- **How to complete this task**: When you copy the entries, keep every word exactly as it is and drop the images.

(Items listed in a dataset)
..........

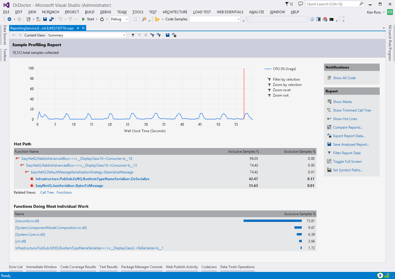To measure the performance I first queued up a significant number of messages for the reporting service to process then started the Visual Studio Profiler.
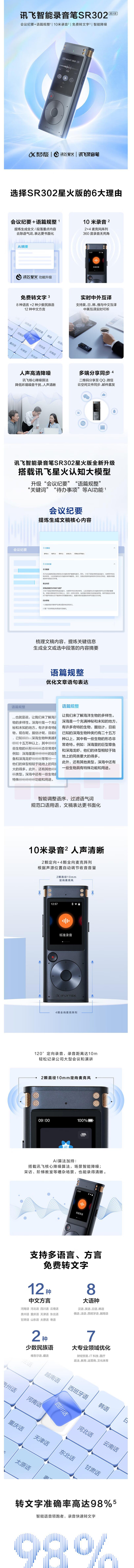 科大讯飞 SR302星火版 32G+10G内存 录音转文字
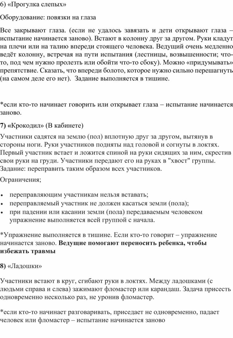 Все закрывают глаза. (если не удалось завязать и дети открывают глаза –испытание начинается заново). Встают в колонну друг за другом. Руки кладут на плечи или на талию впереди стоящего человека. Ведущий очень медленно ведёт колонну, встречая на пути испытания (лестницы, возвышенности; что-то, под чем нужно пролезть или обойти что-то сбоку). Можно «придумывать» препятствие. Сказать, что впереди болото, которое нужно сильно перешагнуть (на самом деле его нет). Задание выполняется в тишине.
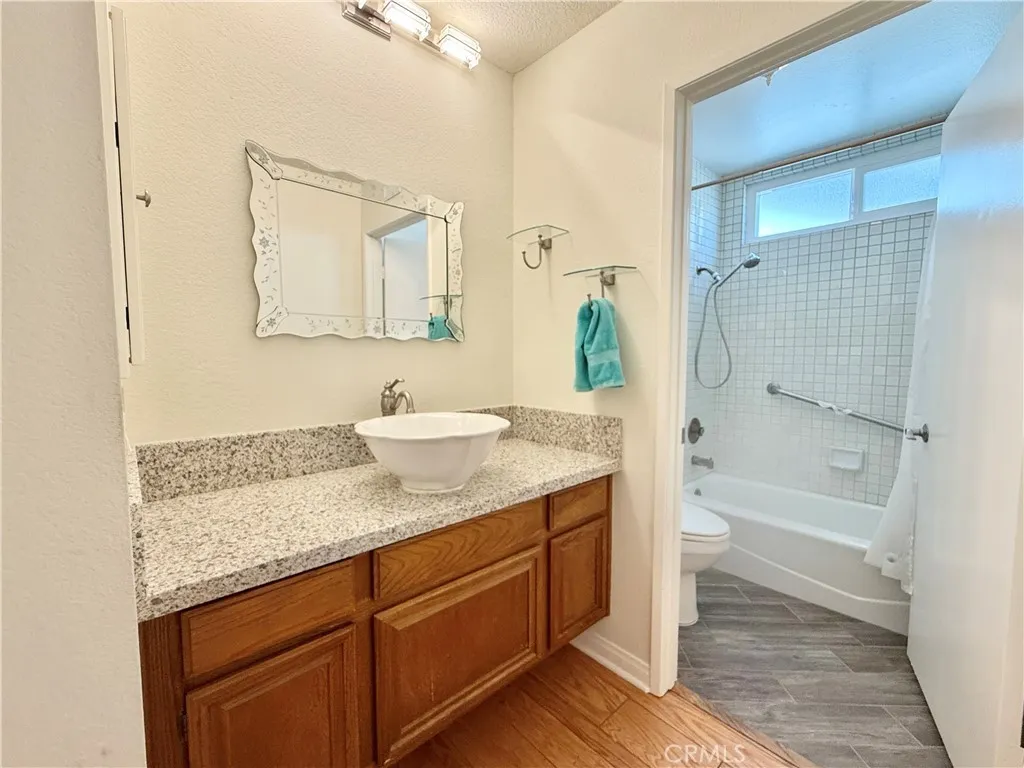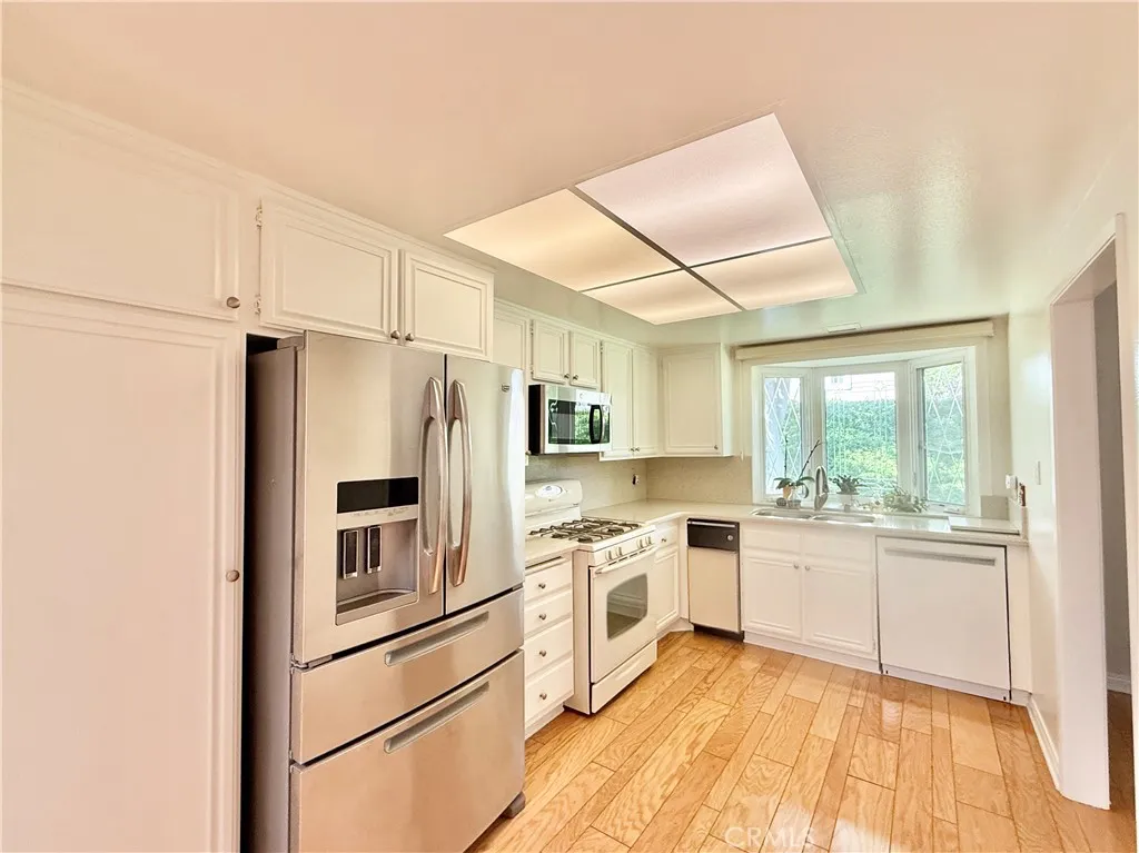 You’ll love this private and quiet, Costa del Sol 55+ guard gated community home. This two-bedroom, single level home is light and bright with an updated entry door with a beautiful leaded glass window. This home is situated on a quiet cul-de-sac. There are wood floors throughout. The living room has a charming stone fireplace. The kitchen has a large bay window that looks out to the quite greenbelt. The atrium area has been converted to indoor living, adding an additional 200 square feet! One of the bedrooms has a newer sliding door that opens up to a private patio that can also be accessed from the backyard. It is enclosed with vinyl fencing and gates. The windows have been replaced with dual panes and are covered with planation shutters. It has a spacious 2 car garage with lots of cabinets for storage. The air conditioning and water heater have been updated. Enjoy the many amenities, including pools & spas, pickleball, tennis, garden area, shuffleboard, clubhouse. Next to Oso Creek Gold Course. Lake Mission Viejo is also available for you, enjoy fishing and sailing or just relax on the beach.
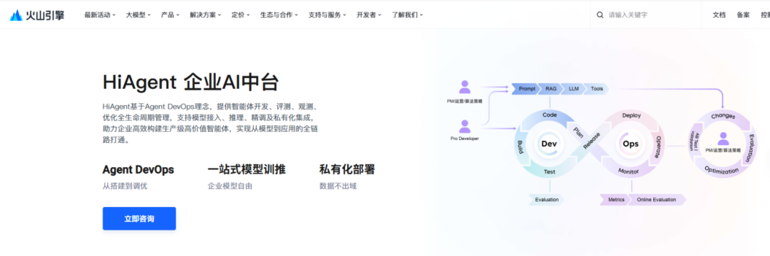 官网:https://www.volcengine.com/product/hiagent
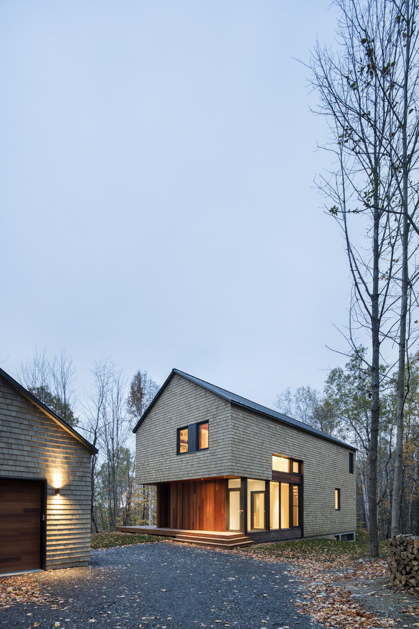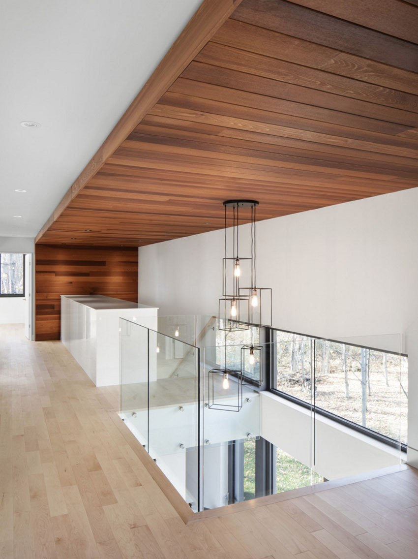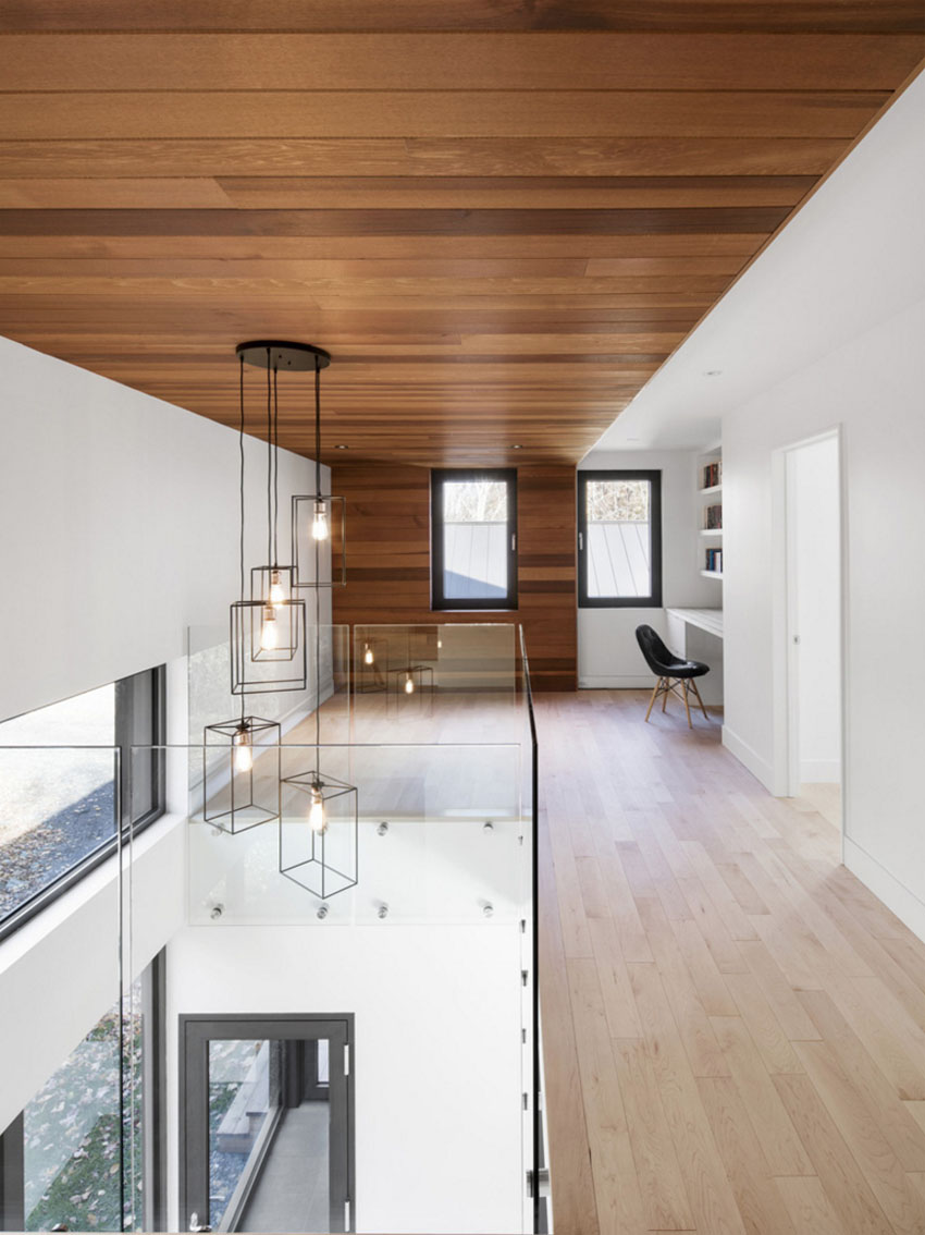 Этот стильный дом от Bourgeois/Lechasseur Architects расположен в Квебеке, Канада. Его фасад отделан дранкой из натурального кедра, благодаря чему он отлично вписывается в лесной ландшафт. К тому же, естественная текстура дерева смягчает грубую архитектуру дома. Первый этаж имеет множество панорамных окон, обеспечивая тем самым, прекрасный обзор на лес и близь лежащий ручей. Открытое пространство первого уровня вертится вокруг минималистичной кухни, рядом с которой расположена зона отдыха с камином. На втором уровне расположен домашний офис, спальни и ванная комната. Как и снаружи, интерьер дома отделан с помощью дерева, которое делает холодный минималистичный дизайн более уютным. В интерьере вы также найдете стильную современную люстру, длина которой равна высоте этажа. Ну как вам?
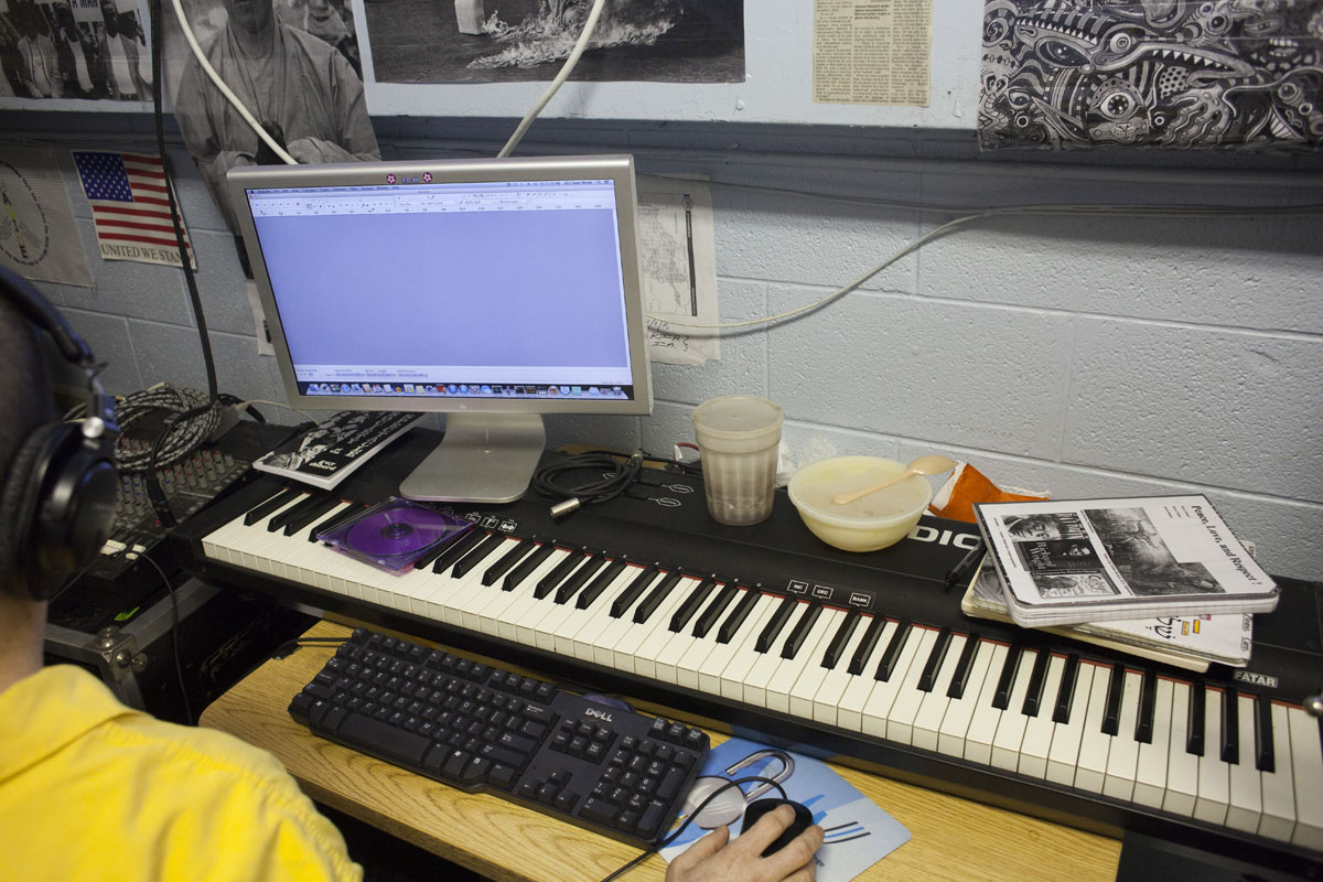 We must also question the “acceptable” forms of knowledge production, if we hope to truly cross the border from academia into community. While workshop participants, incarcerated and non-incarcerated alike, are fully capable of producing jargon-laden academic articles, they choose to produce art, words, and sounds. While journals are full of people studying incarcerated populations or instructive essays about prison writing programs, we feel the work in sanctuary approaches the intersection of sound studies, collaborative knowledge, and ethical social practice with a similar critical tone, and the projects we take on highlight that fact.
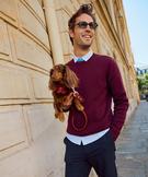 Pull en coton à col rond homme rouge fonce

..........

- **Result**:
To measure the performance I first queued up a significant number of messages for the reporting service to process then started the Visual Studio Profiler.
 科大讯飞 SR302星火版 32G+10G内存 录音转文字
 Все закрывают глаза. (если не удалось завязать и дети открывают глаза –испытание начинается заново). Встают в колонну друг за другом. Руки кладут на плечи или на талию впереди стоящего человека. Ведущий очень медленно ведёт колонну, встречая на пути испытания (лестницы, возвышенности; что-то, под чем нужно пролезть или обойти что-то сбоку). Можно «придумывать» препятствие. Сказать, что впереди болото, которое нужно сильно перешагнуть (на самом деле его нет). Задание выполняется в тишине.
 You’ll love this private and quiet, Costa del Sol 55+ guard gated community home. This two-bedroom, single level home is light and bright with an updated entry door with a beautiful leaded glass window. This home is situated on a quiet cul-de-sac. There are wood floors throughout. The living room has a charming stone fireplace. The kitchen has a large bay window that looks out to the quite greenbelt. The atrium area has been converted to indoor living, adding an additional 200 square feet! One of the bedrooms has a newer sliding door that opens up to a private patio that can also be accessed from the backyard. It is enclosed with vinyl fencing and gates. The windows have been replaced with dual panes and are covered with planation shutters. It has a spacious 2 car garage with lots of cabinets for storage. The air conditioning and water heater have been updated. Enjoy the many amenities, including pools & spas, pickleball, tennis, garden area, shuffleboard, clubhouse. Next to Oso Creek Gold Course. Lake Mission Viejo is also available for you, enjoy fishing and sailing or just relax on the beach.
 官网:https://www.volcengine.com/product/hiagent
 Этот стильный дом от Bourgeois/Lechasseur Architects расположен в Квебеке, Канада. Его фасад отделан дранкой из натурального кедра, благодаря чему он отлично вписывается в лесной ландшафт. К тому же, естественная текстура дерева смягчает грубую архитектуру дома. Первый этаж имеет множество панорамных окон, обеспечивая тем самым, прекрасный обзор на лес и близь лежащий ручей. Открытое пространство первого уровня вертится вокруг минималистичной кухни, рядом с которой расположена зона отдыха с камином. На втором уровне расположен домашний офис, спальни и ванная комната. Как и снаружи, интерьер дома отделан с помощью дерева, которое делает холодный минималистичный дизайн более уютным. В интерьере вы также найдете стильную современную люстру, длина которой равна высоте этажа. Ну как вам?
 We must also question the “acceptable” forms of knowledge production, if we hope to truly cross the border from academia into community. While workshop participants, incarcerated and non-incarcerated alike, are fully capable of producing jargon-laden academic articles, they choose to produce art, words, and sounds. While journals are full of people studying incarcerated populations or instructive essays about prison writing programs, we feel the work in sanctuary approaches the intersection of sound studies, collaborative knowledge, and ethical social practice with a similar critical tone, and the projects we take on highlight that fact.
 Pull en coton à col rond homme rouge fonce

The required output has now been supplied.